▶ **Your instructions**: The line with "Toalettpapír, 3 rétegű, kistekercses, 32" marks the first line to copy, and the line with "Found in Papua" marks the last. Transcribe that stretch of the data below exactly, without pictures.

*** Opening of Recorded information ***

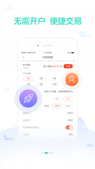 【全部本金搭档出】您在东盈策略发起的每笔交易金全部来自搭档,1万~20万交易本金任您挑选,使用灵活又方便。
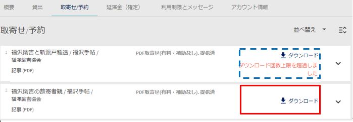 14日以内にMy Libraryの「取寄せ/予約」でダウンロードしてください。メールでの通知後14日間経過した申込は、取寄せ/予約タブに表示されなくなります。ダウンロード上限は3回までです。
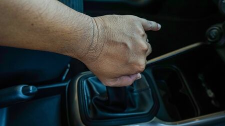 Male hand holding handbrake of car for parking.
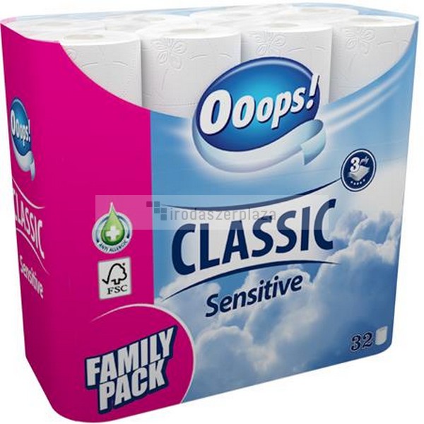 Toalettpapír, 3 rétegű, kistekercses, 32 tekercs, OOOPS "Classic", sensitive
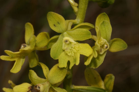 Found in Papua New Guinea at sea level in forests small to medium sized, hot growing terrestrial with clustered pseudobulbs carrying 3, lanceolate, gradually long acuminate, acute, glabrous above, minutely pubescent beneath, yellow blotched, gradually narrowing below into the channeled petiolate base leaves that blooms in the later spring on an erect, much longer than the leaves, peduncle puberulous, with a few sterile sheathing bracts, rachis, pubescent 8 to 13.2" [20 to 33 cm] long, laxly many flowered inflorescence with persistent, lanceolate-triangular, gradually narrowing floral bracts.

*** Close of Recorded information ***
*** Opening of Recorded information ***

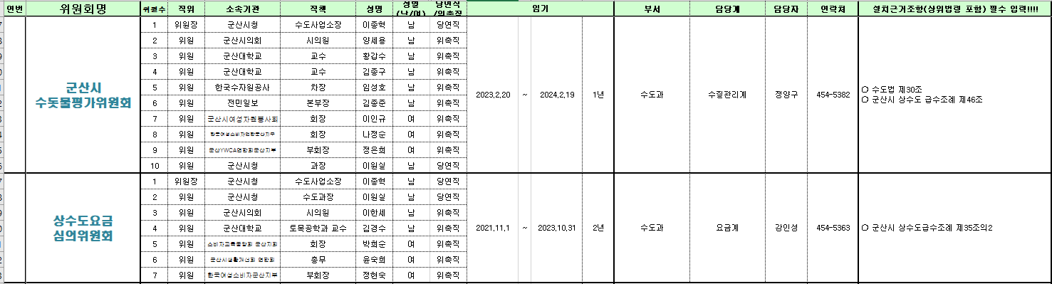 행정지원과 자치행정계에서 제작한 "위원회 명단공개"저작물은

*** Close of Recorded information ***

▶ **Expected answer**:
 Toalettpapír, 3 rétegű, kistekercses, 32 tekercs, OOOPS "Classic", sensitive
 Found in Papua New Guinea at sea level in forests small to medium sized, hot growing terrestrial with clustered pseudobulbs carrying 3, lanceolate, gradually long acuminate, acute, glabrous above, minutely pubescent beneath, yellow blotched, gradually narrowing below into the channeled petiolate base leaves that blooms in the later spring on an erect, much longer than the leaves, peduncle puberulous, with a few sterile sheathing bracts, rachis, pubescent 8 to 13.2" [20 to 33 cm] long, laxly many flowered inflorescence with persistent, lanceolate-triangular, gradually narrowing floral bracts.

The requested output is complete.